Nous pensons que le frère Ben Sékou Sylla dans sa déclaration a fait preuve d'irresponsabilité notoire et qu'il ne mérite plus sa place. IL est désormais assis sur un fauteuil éjectable. Autant nous aimons les frères guinéens qui appellent à la tolérance et à la paix dans notre pays, autant nous haïssons les diviseurs des fils de la guinée.
thierno samba24/02/2010 17:52:53
Il est impératif de renvoyer tous les membres du bureau national de la CENI pour incompétence et outrage aux guinéens résidents à l'étranger qu'ils veulent exclure.Les commissions locales seront maintenus et les nouveaux membres vont reprendre à leur compte ce qui a été déjà fait comme boulot.Ce Ben Sékou n'est pas fiable et il n'inspire aucune confiance pour organiser ces élections.Outre,les dépenses engagés sous Kouyaté et Souaré,il a reçu 45 milliards y compris le rallonge concernant le recensement des guinéens de la diaspora.Nous devons exiger son départ et je suis certain il sera défendu par ses amis du CNOSC et le trio Alpha-Sydia-Fall.Dans ces conditions un blocage est préférable que d'organiser une mascarade ou bien il faudra que la diaspora organise de puissantes manifestations partout contre Ben Sékou et le trio de leaders.

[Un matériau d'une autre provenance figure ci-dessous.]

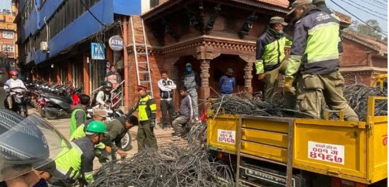 ललितपुर महानगरपालिकाले अव्यवस्थित रुपमा सडकका पोलमा रहेका इन्टरनेटका तार काट्न सुरु गरेको छ । शुक्रबार पुल्चोकको अक्षेश्वर महाविहार क्षेत्रबाट तार हटाउन थिालिएको ललितपुर महानगरका प्रहरी प्रमुख सिताराम हाथेछुले जानकारी दिए । सम्पदा क्षेत्रभित्रका बिजुलीको पोलमा राखिएका प्रयोग नभएको सबै तार काट्न लगाउने अभियान थालिएको हो ।
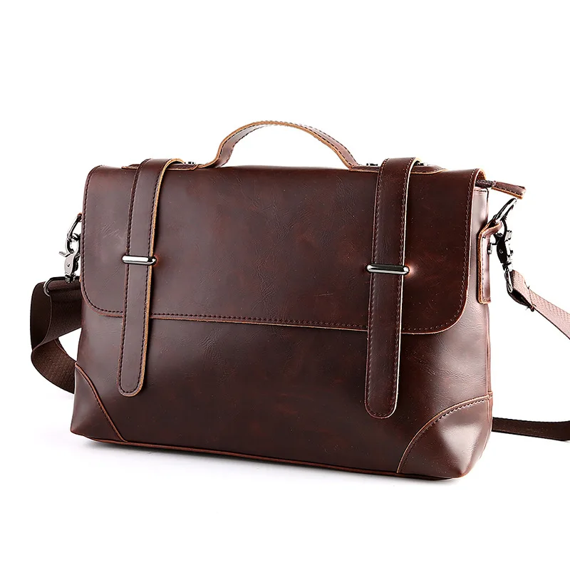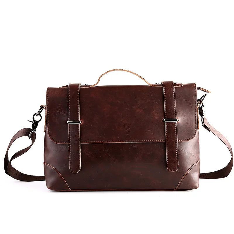 HIGH QUALITY Men's Vintage Real Crazy Horse Leather Briefcase Messenger Shoulder Portfolio Laptop Bag Case Offic

Ensuite,compte tenu de notre histoire récente,il faut attendre que les preuves de mauvaise foi s'accumulent pour agir.Il est clair pour tous que le général Sékouba n'est pas sincère et avare de parole,le peu qu'il a dit est suffisant pour comprendre que la justice ou la démocratie ne comptent pas pour lui.Il ne faut pas attendre qu'il renforce son pouvoir pour exposer de nouveau les guinéens au massacre au motif de contestation.La violation d'une virgule d'un accord qu'il a lui-même signé est un acte grave et nous voyons bien qu'il compte réduire toutes les institutions à sa volonté.Ce sont des actes qui méritent sanctions immédiates.Notre complaisance coupable lui donne de l'assurance et il faut interpeler directement le général Sékouba sur la question de son cabinet et celui du gouvernement et lui demander publiquement de virer les indésirables en cause au cas contraire commençons dès maintenant une campagne contre lui au même titre que celui engagé contre Dadis.Rien n'indique que le CNDD sous la direction du général Sékouba est prêt à la démocratie.Ce dernier s'est contenté de sécurisé leur pouvoir et laisser passer l'orage,en bon cameléon comme nous l'a dit Dadis,le général Sékouba nous tient le discours que nous voulons entendre,mais dans les actes il prépare son emprise sur le pouvoir.Comme Dadis au début,il a le soutien total de Alpha Condé et Sydia Touré qui ne se rendront que trop tard de leur bêtise.
Ne laissons pas ce scénario se répéter une fois encore.